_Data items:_
★ ★ ★ ★ ★ ★ ★
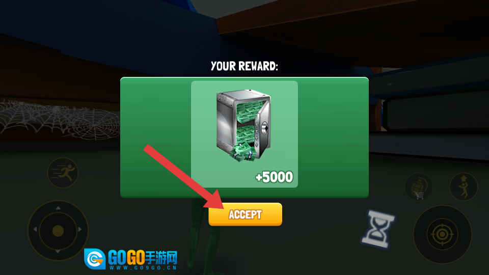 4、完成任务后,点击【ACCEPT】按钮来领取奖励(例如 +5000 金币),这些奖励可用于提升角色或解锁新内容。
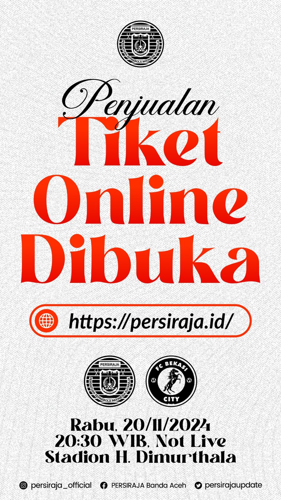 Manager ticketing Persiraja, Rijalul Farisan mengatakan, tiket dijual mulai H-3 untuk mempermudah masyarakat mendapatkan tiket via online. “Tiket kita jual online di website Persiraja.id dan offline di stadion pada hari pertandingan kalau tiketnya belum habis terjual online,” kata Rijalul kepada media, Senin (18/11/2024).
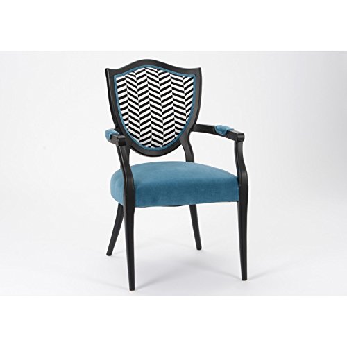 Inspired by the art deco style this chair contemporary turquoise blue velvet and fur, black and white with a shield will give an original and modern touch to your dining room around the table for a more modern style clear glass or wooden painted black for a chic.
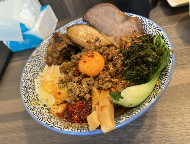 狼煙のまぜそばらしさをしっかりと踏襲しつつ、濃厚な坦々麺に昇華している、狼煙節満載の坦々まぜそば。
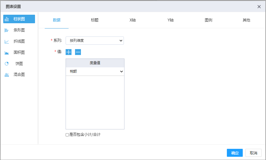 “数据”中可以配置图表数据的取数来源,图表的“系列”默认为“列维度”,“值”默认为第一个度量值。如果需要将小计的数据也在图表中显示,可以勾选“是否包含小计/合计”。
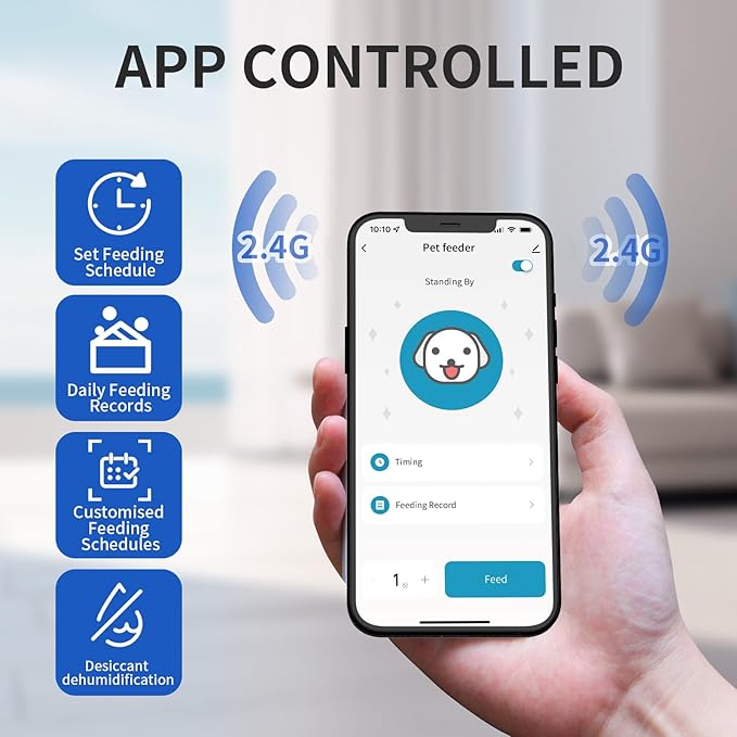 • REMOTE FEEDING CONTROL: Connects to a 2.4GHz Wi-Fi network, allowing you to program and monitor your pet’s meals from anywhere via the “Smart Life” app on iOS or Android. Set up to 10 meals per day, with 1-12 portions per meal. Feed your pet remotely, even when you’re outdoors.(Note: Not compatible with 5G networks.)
★ ★ ★ ★ ★ ★ ★
_YOUR TASK:_ Give every entry again word for word; no images belong in the copy.

_TASK OUTPUT:_
 4、完成任务后,点击【ACCEPT】按钮来领取奖励(例如 +5000 金币),这些奖励可用于提升角色或解锁新内容。
 Manager ticketing Persiraja, Rijalul Farisan mengatakan, tiket dijual mulai H-3 untuk mempermudah masyarakat mendapatkan tiket via online. “Tiket kita jual online di website Persiraja.id dan offline di stadion pada hari pertandingan kalau tiketnya belum habis terjual online,” kata Rijalul kepada media, Senin (18/11/2024).
 Inspired by the art deco style this chair contemporary turquoise blue velvet and fur, black and white with a shield will give an original and modern touch to your dining room around the table for a more modern style clear glass or wooden painted black for a chic.
 狼煙のまぜそばらしさをしっかりと踏襲しつつ、濃厚な坦々麺に昇華している、狼煙節満載の坦々まぜそば。
 “数据”中可以配置图表数据的取数来源,图表的“系列”默认为“列维度”,“值”默认为第一个度量值。如果需要将小计的数据也在图表中显示,可以勾选“是否包含小计/合计”。
 • REMOTE FEEDING CONTROL: Connects to a 2.4GHz Wi-Fi network, allowing you to program and monitor your pet’s meals from anywhere via the “Smart Life” app on iOS or Android. Set up to 10 meals per day, with 1-12 portions per meal. Feed your pet remotely, even when you’re outdoors.(Note: Not compatible with 5G networks.)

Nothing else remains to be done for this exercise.